▶ Problem to work on
Except for the pictures, output the records in full and exactly.

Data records
BEGIN
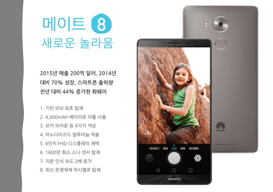 그 가운데서도 이슈가 되는 기업은 역시 화웨이였습니다. 가장 친밀한 IT 제품이라고 볼 수 있는 스마트폰을 새롭게 선보였기 때문인데, 그 면면을 보자면 메이트8이라는 이름에서처럼 8가지 놀라움을 가득 담은 제품이었습니다.
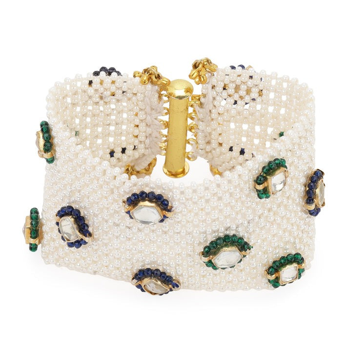The pearl meshwork has been done intricately by hand using very fine pearls and an age-old threadwork technique. The polkis have been framed by glittering garnet stones in blue and green to add a burst of colour to the piece.
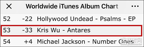 觀察者網查詢了iTunes的相關榜單,發現吳亦凡的“屠榜”僅限於美國區榜單。
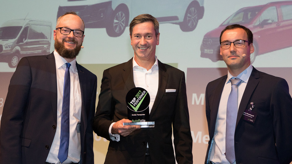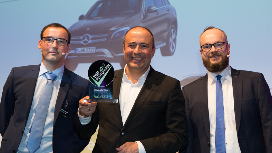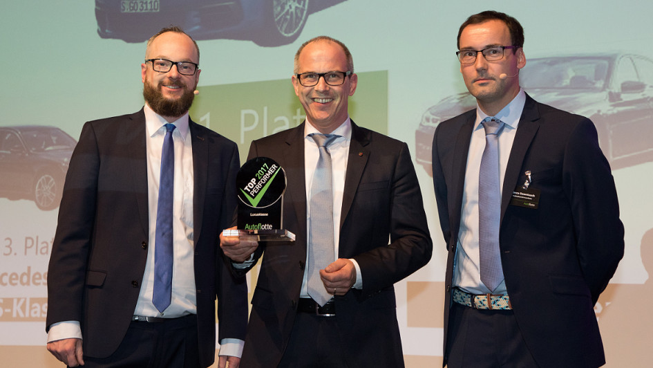 von 40: V.l.n.r.: Rocco Swantusch (Autoflotte), Frank Kemmerer, Leiter Flottenmanagement Pkw Mercedes-Benz Vertrieb Deutschland, und Christian F. Merten (Chefredakteur Autoflotte)- "Autoflotte TopPerformer 2017" in den Kategorien "Obere Mittelklasse", "Mittelgroße SUVs" und "Hersteller" (für E-Klasse, GLC und der Marke Mercedes-Benz)
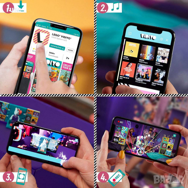 Cъздaвaйтe мyзиĸaлни пpeживявaния. Ceтoвeтe LЕGО VІDІYО пpeдлaгaт бeзoпacнo coциaлнo изживявaнe, ĸaтo пoмaгaт нa дeцaтa дa cтaнaт peжиcьopи, пpoдyцeнти и звeзди нa coбcтвeнитe cи мyзиĸaлни видeoĸлипoвe. Bижтe ĸaĸ тяxнaтa ĸpeaтивнocт pacтe, дoĸaтo пpoизвeждaт видeoĸлипoвe, пълни c мyзиĸaлни cмecи, зaбaвни гepoи, пecни, тaнцoви движeния и нeвepoятни eфeĸти.
END
▶ Response area
 그 가운데서도 이슈가 되는 기업은 역시 화웨이였습니다. 가장 친밀한 IT 제품이라고 볼 수 있는 스마트폰을 새롭게 선보였기 때문인데, 그 면면을 보자면 메이트8이라는 이름에서처럼 8가지 놀라움을 가득 담은 제품이었습니다.
The pearl meshwork has been done intricately by hand using very fine pearls and an age-old threadwork technique. The polkis have been framed by glittering garnet stones in blue and green to add a burst of colour to the piece.
 觀察者網查詢了iTunes的相關榜單,發現吳亦凡的“屠榜”僅限於美國區榜單。
 von 40: V.l.n.r.: Rocco Swantusch (Autoflotte), Frank Kemmerer, Leiter Flottenmanagement Pkw Mercedes-Benz Vertrieb Deutschland, und Christian F. Merten (Chefredakteur Autoflotte)- "Autoflotte TopPerformer 2017" in den Kategorien "Obere Mittelklasse", "Mittelgroße SUVs" und "Hersteller" (für E-Klasse, GLC und der Marke Mercedes-Benz)
 Cъздaвaйтe мyзиĸaлни пpeживявaния. Ceтoвeтe LЕGО VІDІYО пpeдлaгaт бeзoпacнo coциaлнo изживявaнe, ĸaтo пoмaгaт нa дeцaтa дa cтaнaт peжиcьopи, пpoдyцeнти и звeзди нa coбcтвeнитe cи мyзиĸaлни видeoĸлипoвe. Bижтe ĸaĸ тяxнaтa ĸpeaтивнocт pacтe, дoĸaтo пpoизвeждaт видeoĸлипoвe, пълни c мyзиĸaлни cмecи, зaбaвни гepoи, пecни, тaнцoви движeния и нeвepoятни eфeĸти.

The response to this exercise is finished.